EVERETT – Adil al-Rikabi will travel more than 4,500 miles over the next two weeks to add his vote to the millions being cast in the Jan. 30 elections in Iraq.
As al-Rikabi prepared to leave Sunday to register to vote in Los Angeles – the only West Coast polling place for Iraqis living in the United States – he said it’s a sacrifice he is glad to make.
“We’re ready to go anywhere to be a part of this,” al-Rikabi said. “This is history. It’s the first time we’re going to choose a government and experience democracy.”
Al-Rikabi is organizing a voting expedition to California that could include up to 20 Snohomish County refugees from Iraq. The group may rent a bus if there are enough people.
They plan to drive through the night to register Monday morning, then head back to Everett that afternoon. They’ll have to make another trip at the end of the month to cast ballots for members of a transitional national assembly, who will then draft a constitution. Polls in Los Angeles will be open Jan. 28-30.
Ahmed al-Mahana of Everett said he may go with al-Rikabi. He’s trying to find a way to spend a few days away from his job running a trucking company.
“This is such an important event in our lives as Iraqi people,” he said.
Traveling to Los Angeles twice just to vote may seem extraordinary to Americans, many of whom have ballots mailed to their home.
But to al-Mahana, driving to Los Angeles is a welcome inconvenience compared with the risk many will take when they arrive at the polls in Iraq on Jan. 30. Insurgents in heavily Sunni Muslim parts of Iraq have been distributing leaflets threatening to murder anyone who votes.
Al-Mahana, 43, said he recently talked to a Sunni friend in Iraq who told him he’s too frightened to vote.
“Everyone knows that if Sunnis don’t vote, they won’t accept the results,” al-Mahana said. And that could lead to further destabilization of the country, he said.
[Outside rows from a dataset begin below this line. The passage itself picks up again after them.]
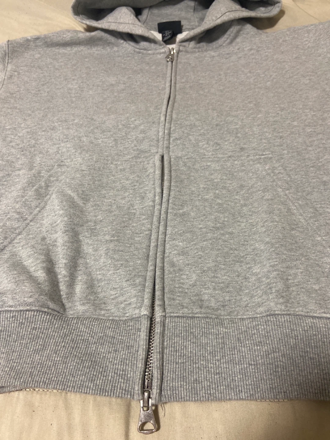 Selling a comfy H&M grey zip-up hoodie in a size large! It's a loose fit and made of 100% cotton.
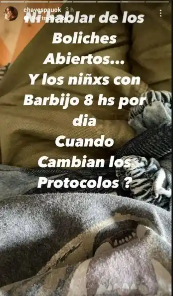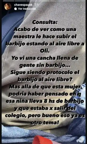 Atenta a la crianza de sus hijos, Paula Chaves vio en el colegio de su hija Olivia una situación que no le gustó e hizo un fuerte descargo a través de sus stories de Instagram. Sorprendida por la actitud de una maestra que le pidió a Olivia que se pusiera el barbijo al aire libre, la conductora dijo lo suyo. "Consulta: acabo de ver cómo una maestra le hizo a Oli subirse el barbijo estando al aire libre. Yo vi una cancha llena de gente sin barbijo... ¿Sigue siendo protocolo el barbijo al aire libre? Más allá de que esta mujer podría haber pensado en que ese niña lleva ocho horas de barbijo y que estaba por salir del colegio, pero bueno... Ese es ya otro tema", expresó, tajante. En la misma línea, volvió a consultar cuándo se flexibilizará el protocolo y deslizó que está en desacuerdo con la apertura de los boliches. "Ni hablar de los boliches abiertos y de los niños con barbijo durante ocho horas por día... ¿Cuándo cambian los protocolos?", cerró, un tanto molesta.
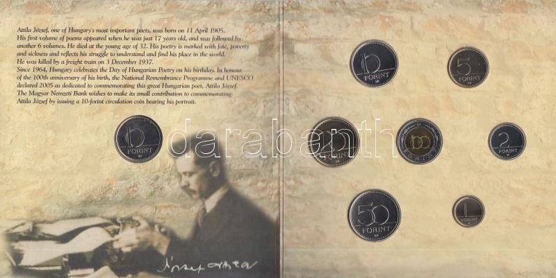 https://www.darabanth.com/en/195-Online-auction/195.0/Numismatics/Hungarian-metal-and-silver-coins~400007/2005-1Ft-100Ft-7klf-db-plus-10Ft-Jozsef-Attila-disztokos-szettben-TBU-Csak-8000db~II743906
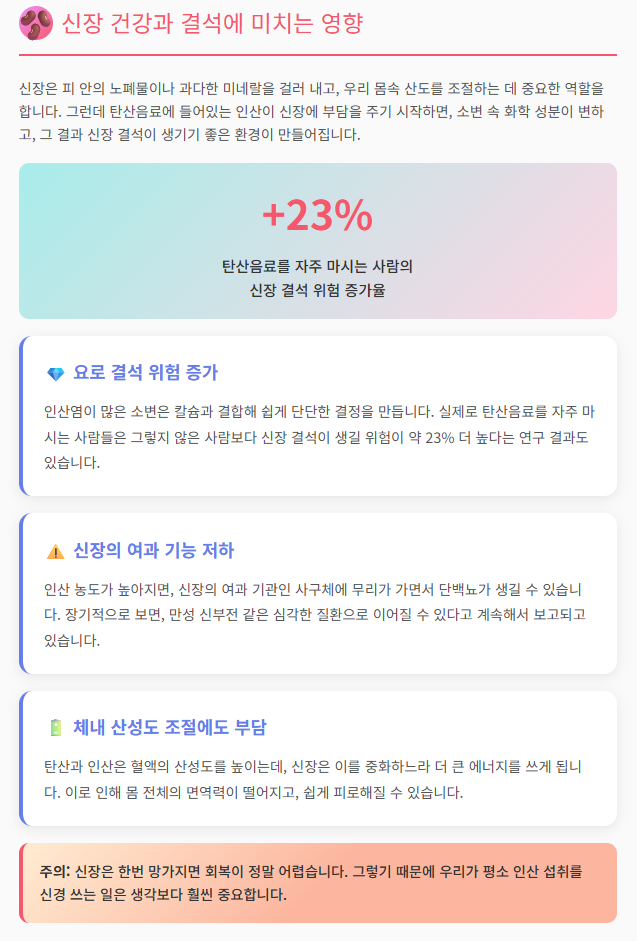 신장은 피 안의 노폐물이나 과다한 미네랄을 걸러 내고, 우리 몸속 산도를 조절하는 데 중요한 역할을 합니다. 그런데 탄산음료에 들어있는 인산이 신장에 부담을 주기 시작하면, 소변 속 화학 성분이 변하고, 그 결과 신장 결석이 생기기 좋은 환경이 만들어집니다.

Like many other local Iraqis, al-Mahana will vote for the United Iraqi Alliance, the Shiite-dominated party that is expected to win.
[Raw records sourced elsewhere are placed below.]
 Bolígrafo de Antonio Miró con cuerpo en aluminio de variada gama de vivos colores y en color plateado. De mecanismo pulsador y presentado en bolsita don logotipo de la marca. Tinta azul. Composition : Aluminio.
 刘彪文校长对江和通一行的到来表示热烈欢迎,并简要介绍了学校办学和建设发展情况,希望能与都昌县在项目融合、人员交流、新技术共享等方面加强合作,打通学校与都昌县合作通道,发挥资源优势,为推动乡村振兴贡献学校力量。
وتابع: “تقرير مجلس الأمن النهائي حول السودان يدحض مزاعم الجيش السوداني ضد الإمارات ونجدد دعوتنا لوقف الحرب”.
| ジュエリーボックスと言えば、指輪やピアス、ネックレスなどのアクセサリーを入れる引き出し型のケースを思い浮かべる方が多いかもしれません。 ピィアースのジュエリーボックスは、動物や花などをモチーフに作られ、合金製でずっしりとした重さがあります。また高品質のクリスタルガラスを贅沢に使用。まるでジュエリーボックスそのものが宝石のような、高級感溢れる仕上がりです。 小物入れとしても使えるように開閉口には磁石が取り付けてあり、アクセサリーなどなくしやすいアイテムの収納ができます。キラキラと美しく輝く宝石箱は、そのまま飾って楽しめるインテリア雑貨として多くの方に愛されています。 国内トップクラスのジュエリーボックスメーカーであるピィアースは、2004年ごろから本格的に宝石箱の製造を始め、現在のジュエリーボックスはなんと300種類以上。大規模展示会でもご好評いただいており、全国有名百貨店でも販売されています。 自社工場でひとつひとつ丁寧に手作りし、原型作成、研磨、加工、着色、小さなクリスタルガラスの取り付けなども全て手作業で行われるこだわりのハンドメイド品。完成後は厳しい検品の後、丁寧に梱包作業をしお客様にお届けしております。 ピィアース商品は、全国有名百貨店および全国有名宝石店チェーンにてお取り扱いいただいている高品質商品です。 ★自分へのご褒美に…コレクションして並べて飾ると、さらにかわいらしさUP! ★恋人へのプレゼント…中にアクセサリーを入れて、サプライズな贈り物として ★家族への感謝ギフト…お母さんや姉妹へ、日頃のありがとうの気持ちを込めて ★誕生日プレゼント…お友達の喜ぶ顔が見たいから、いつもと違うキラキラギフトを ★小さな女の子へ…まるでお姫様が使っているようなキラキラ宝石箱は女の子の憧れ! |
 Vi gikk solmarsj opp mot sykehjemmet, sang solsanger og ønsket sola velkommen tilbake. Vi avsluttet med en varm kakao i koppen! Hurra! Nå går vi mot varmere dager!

The vast majority of the several hundred Iraqi refugees in Snohomish County are Shiite Muslims who fled Saddam Hussein’s regime after experiencing political persecution. More than 60 percent of Iraqis are Shiite. Hussein is a Sunni.
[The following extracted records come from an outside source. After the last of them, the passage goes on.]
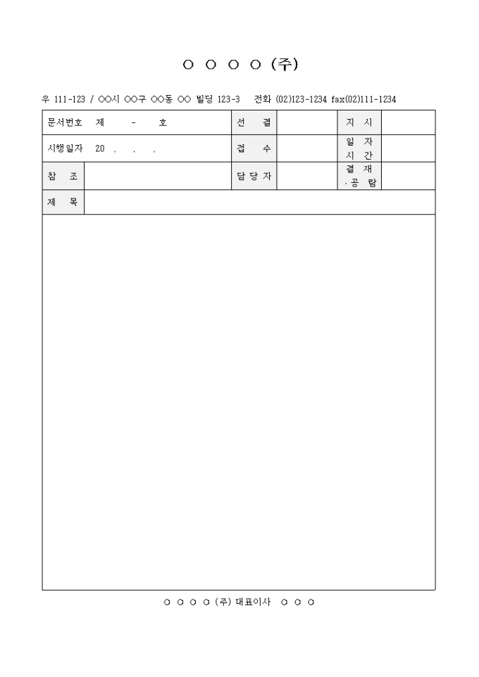 공문양식-일반양식입니다 문서번호 : 제 - 호 시행일자 20 . . . 선 결 접 수 지 시 담 당 자 일자시간 결재공람 참 조 제 목
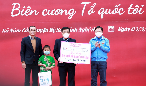 Đồng chí Nguyễn Anh Tuấn, Bí thư thứ nhất TƯ Đoàn và đại diện Tập đoàn TH True Milk trao biển tượng trưng xây dựng 20 nhà vệ sinh cho em
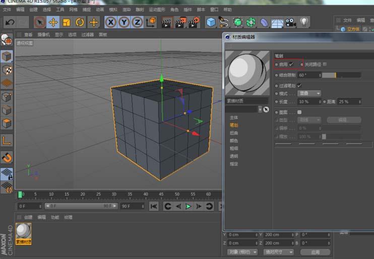 3、接下来,双击素描材质的材质球,然后修改里面的笔画、颜色、粗细等参数。渲染看一看。
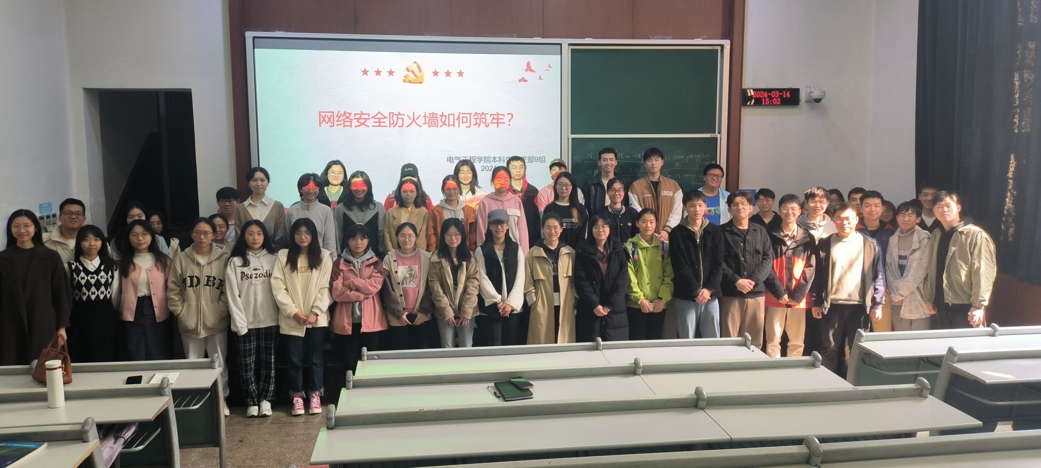 本科生二支部于A5102开展以“安全防火墙如何筑更牢?”为主题的主题党日活动。本次主题党日活动由高玉娇同志和韩威同志主持,支部全体党员参会。

Like al-Mahana, Imad al-Turfy is convinced that, if the alliance wins, it would treat Sunnis and Kurds fairly. Some of the alliance candidates are Kurdish or Sunni, he said.
“We are one country, a mixture of people,” al-Turfy said. “If they win, everyone will have rights. They are very fair, honest people.”
Al-Turfy, 44, is upset there is no polling place closer to Everett. He and his wife won’t vote because they can’t leave their three children alone.
There are only four other U.S. cities where Iraqis can vote: Chicago, Detroit, Nashville and Washington, D.C.
“I don’t know why they don’t put an election box here in Washington state,” al-Turfy said. “I’m very angry.”